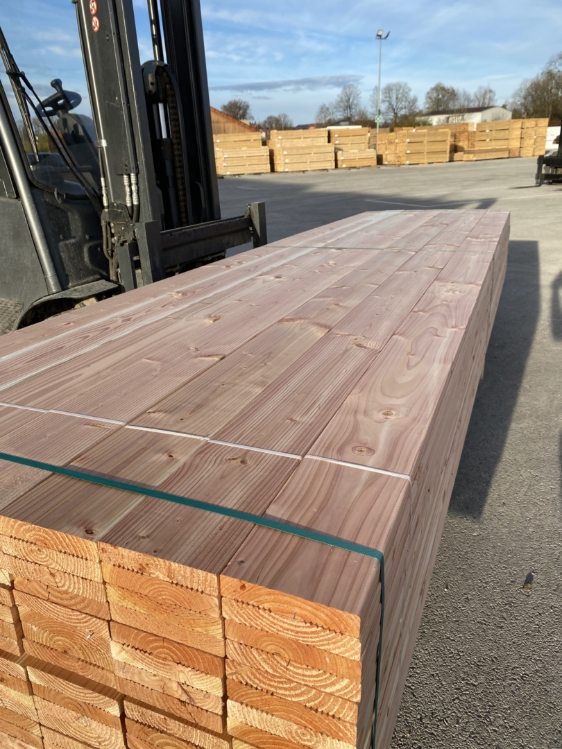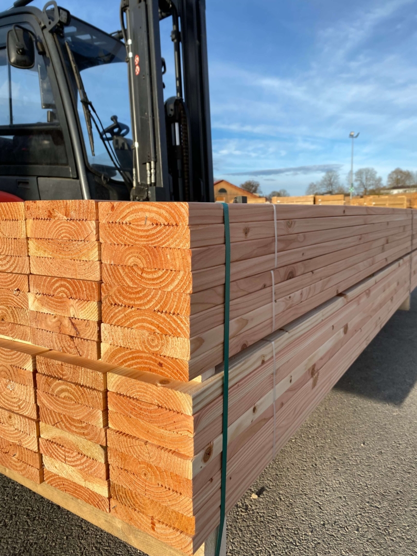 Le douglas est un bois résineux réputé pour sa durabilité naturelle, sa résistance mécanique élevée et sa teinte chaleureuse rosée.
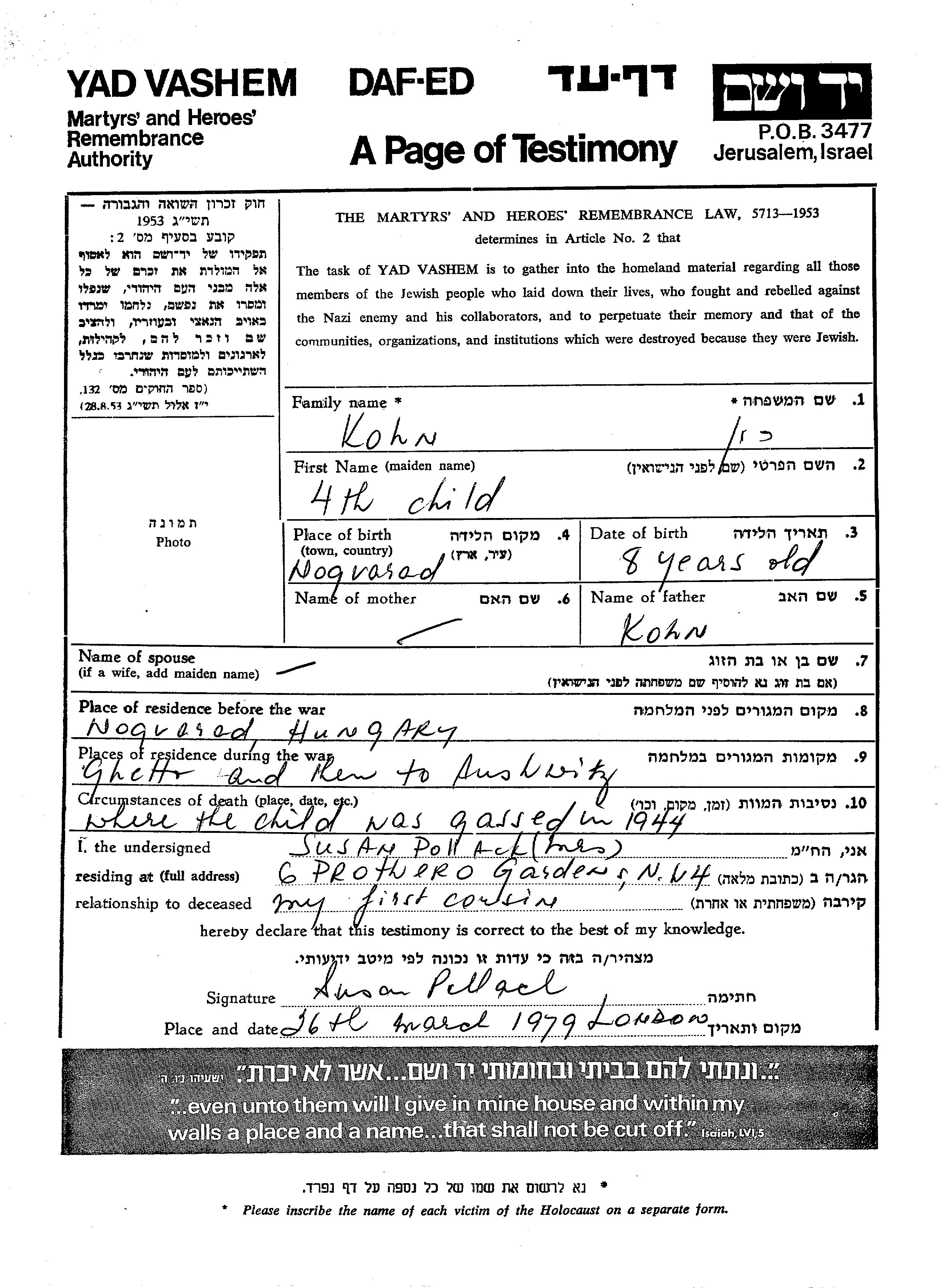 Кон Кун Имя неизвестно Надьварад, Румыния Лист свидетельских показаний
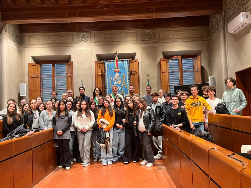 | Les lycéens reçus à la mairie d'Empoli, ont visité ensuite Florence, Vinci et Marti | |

→ **Work instructions**
With the pictures removed, return the full listing exactly as given.

→ **The completed task**
 Le douglas est un bois résineux réputé pour sa durabilité naturelle, sa résistance mécanique élevée et sa teinte chaleureuse rosée.
 Кон Кун Имя неизвестно Надьварад, Румыния Лист свидетельских показаний
 | Les lycéens reçus à la mairie d'Empoli, ont visité ensuite Florence, Vinci et Marti | |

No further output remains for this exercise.